Потом сказал он: «Помните ли нашу прошлогоднюю встречу в Подсолнечном? Мы оба строили из себя дипломатов: я от князя Голицына знал, что император одобрил выбор ваш в преемники г-ну Рушковскому, но и что его величество приказывал вам явиться в Санкт-Петербург; вы о сем знали так же, как и я, мы оба были скромны, и я сказал себе: вот человек, хорошо начинающий новую карьеру». Много шутил и рассказывал, как один чиновник при покойном государе лишился места, которое ему через князя было обещано, разгласив преждевременно. Князь расспрашивал о Волкове и хотел знать подробности его кончины. Пришла и княгиня. «Как у вас достало терпения смотреть, как бреется мой муж? Это длится бесконечно». – «Напротив, сударыня, я радуюсь, ибо это продлевает мою аудиенцию». Извинялся князь, что принял меня, приказав всем отказывать, изъявляя желание видать меня чаще, и проч. Он живет в доме Волкова и брился на том же месте, где покойный Сашка брился в своем кабинете. Хвалил Волкова, коего он и определил тогда полицмейстером в Москву, и проч.
После был я у Дашкова, и этот очень обласкал. Велел тебе кланяться, условились о вояже. Он завтра выезжает в Тамбов, и я сегодня по тракту дал знать о проезде его. Дашков превосходно выгладит. После был я у Черткова и сказал ему о смерти Волкова, мы таки поплакали вместе.
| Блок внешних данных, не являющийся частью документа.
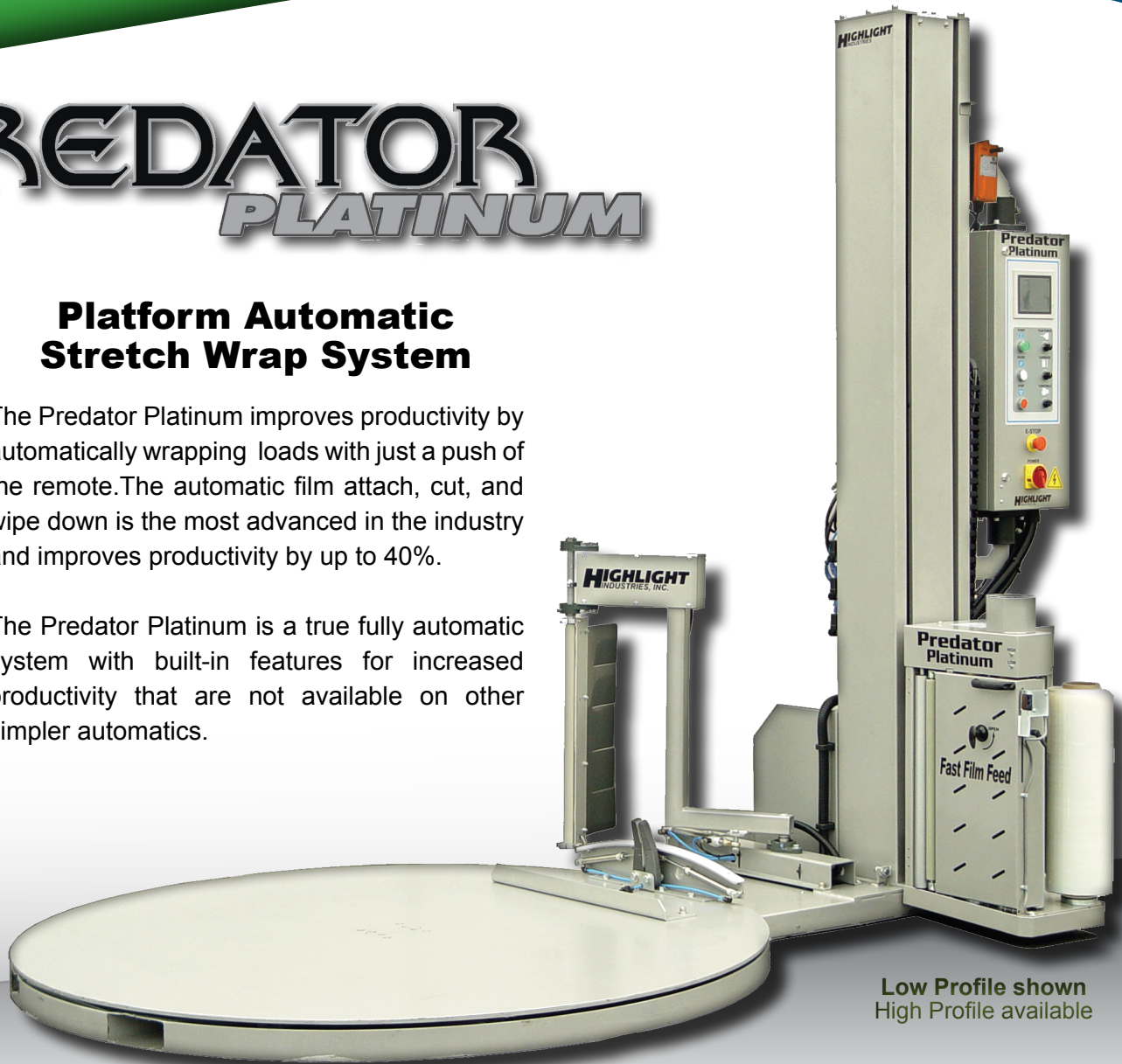
Low Profile shown High Profile available

The Predator Platinum is a true fully automatic system with built-in features for increased productivity that are not available on other simpler automatics.

От девятого часа до четвертого был я на ногах. Мы отдали последний долг доброму Волкову, положили тело его в Симоновом монастыре возле Катерины Даниловны [матери А.А.Волкова]. Много видал я похорон, но ни на одних не видал я такого всеобщего, единодушного чувства уважения и любви, как было тут. На дому, в церкви, по всей дороге, где следовало тело, было ужасное стечение народа, чему способствовали и время прелестное, воскресный день и помпа похорон. За гробом, поставленным под бархатным алым балдахином, следовали два полка и пять пушек, две музыки военные играли попеременно печальные марши, вся полиция и весь корпус жандармский были тут. От дома до церкви, где были обедня и отпевание, несли на плечах родные и офицеры жандармские. Не могу тебе описать зрелища сего, все провожали гроб, – верно, было таких более тысячи человек – а как поехали к монастырю, то толпа, все умножавшаяся дорогою, состояла, верно, из тысяч пяти. Все выбегали на улицу, на тротуары или, выглядывая в окна, кланялись, крестились и с горестью провожали глазами покойника. Уж верно не было ни одного человека, который бы не подумал хорошее о Волкове; может быть, благодарил за благодеяние, услугу, одолжение; но все верно желали ему царство небесное и награду за добрые его дела. Лестно оставлять так свет.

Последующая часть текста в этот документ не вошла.